One of the ways that people who have survived COVID-19 have been able to help those who are having a rougher time with it is through convalescent-plasma donation. Antibody-filled blood is in dire need and is saving lives. But just don’t try to help if you’re a man who has sex with men: The U.S. Food and Drug Administration’s policy essentially refuses blood donations from gay and bisexual men unless they’ve been celibate for three months.
Artist Jordan Eagles confronts this refusal in a work titled Can You Save Superman? on the Leslie-Lohman Museum of Art’s new website. The project is based on a 1971 Superman comic book, Attack of the Micro-Murderer, in which all the citizens of Metropolis are called on to save their superhero, who had contracted a super-virus, by donating blood. Eagles takes the comic book’s cover and sprays it with the blood of a gay man on PrEP, a daily pre-exposure drug to prevent HIV.

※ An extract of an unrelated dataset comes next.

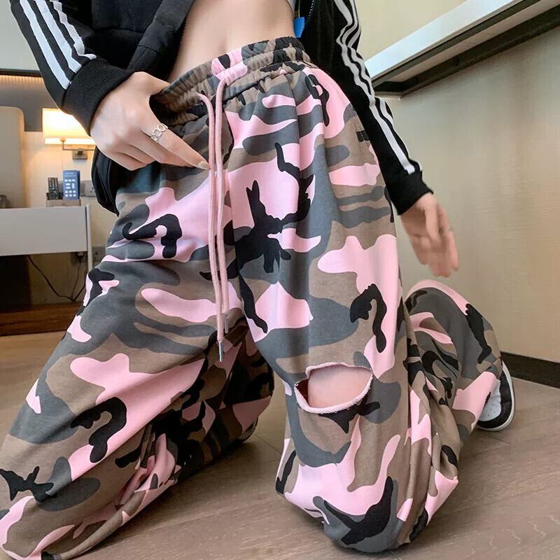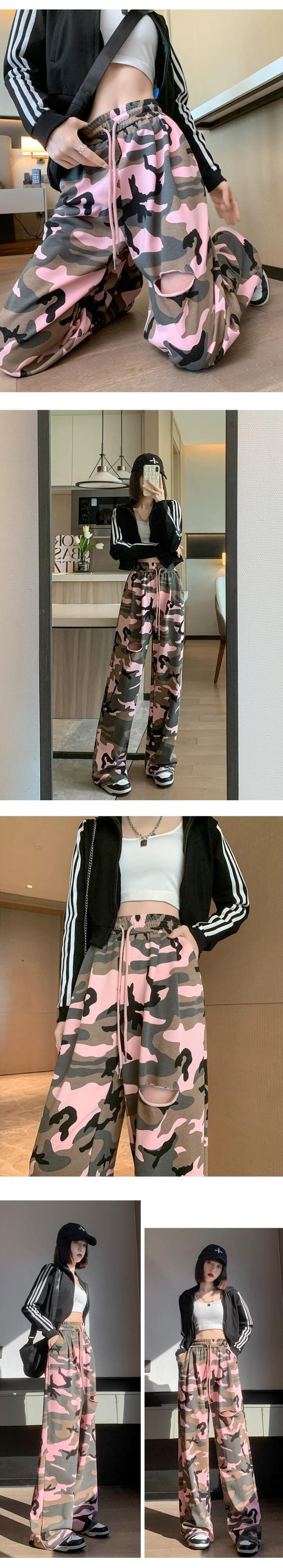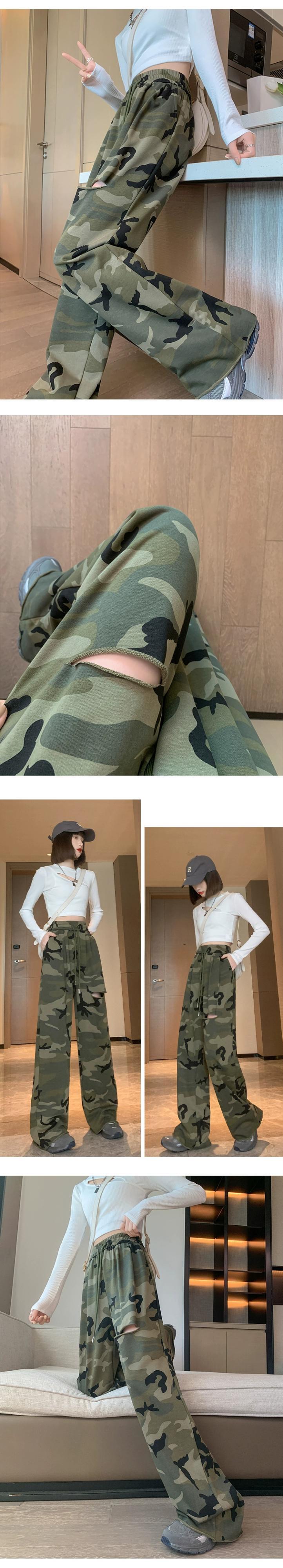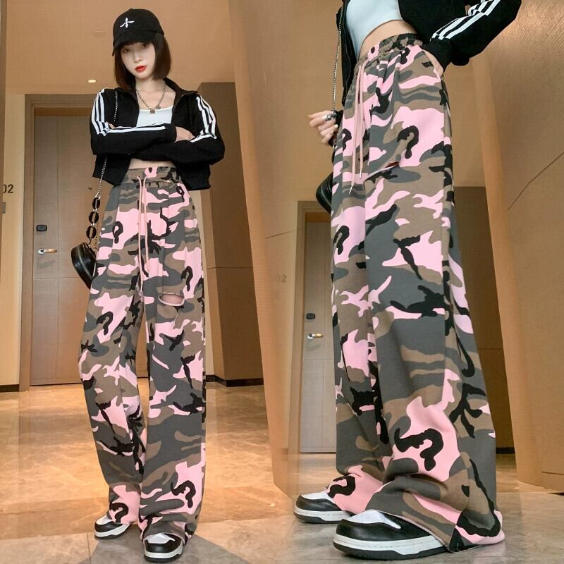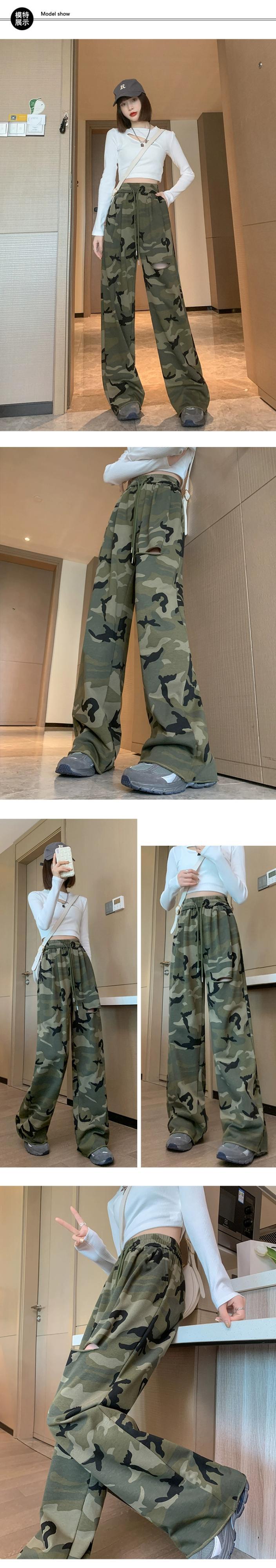 アメリカンスタイルのリップド迷彩ワイドレッグパンツレディース、春と秋のスタイルのハイウエストドレープパンツ、ルーズでスリムな、リップドストレートレッグカジュアルパンツ スプリング 春物 オータム 秋物 7460064268352480 | framboise21

Eagles has been working with blood as an artistic medium since the late 1990s. In 2015, when the FDA first eased its lifetime ban on queer-blood donations to a one-year celibacy requirement (lowered to three months because of the pandemic, in April), Eagles made Blood Mirror (2014–16) an actual mirror that showed the reflection of the onlooker through the blood of 59 gay, bi, and trans donors. Though some groups lauded the step in the right direction, to Eagles, the new policy “felt even more discriminatory … in effect saying, ‘Yes, you can donate blood, just as long as you don’t do what makes you gay.’” The concept Eagles calls “blood equality” permeates his work today.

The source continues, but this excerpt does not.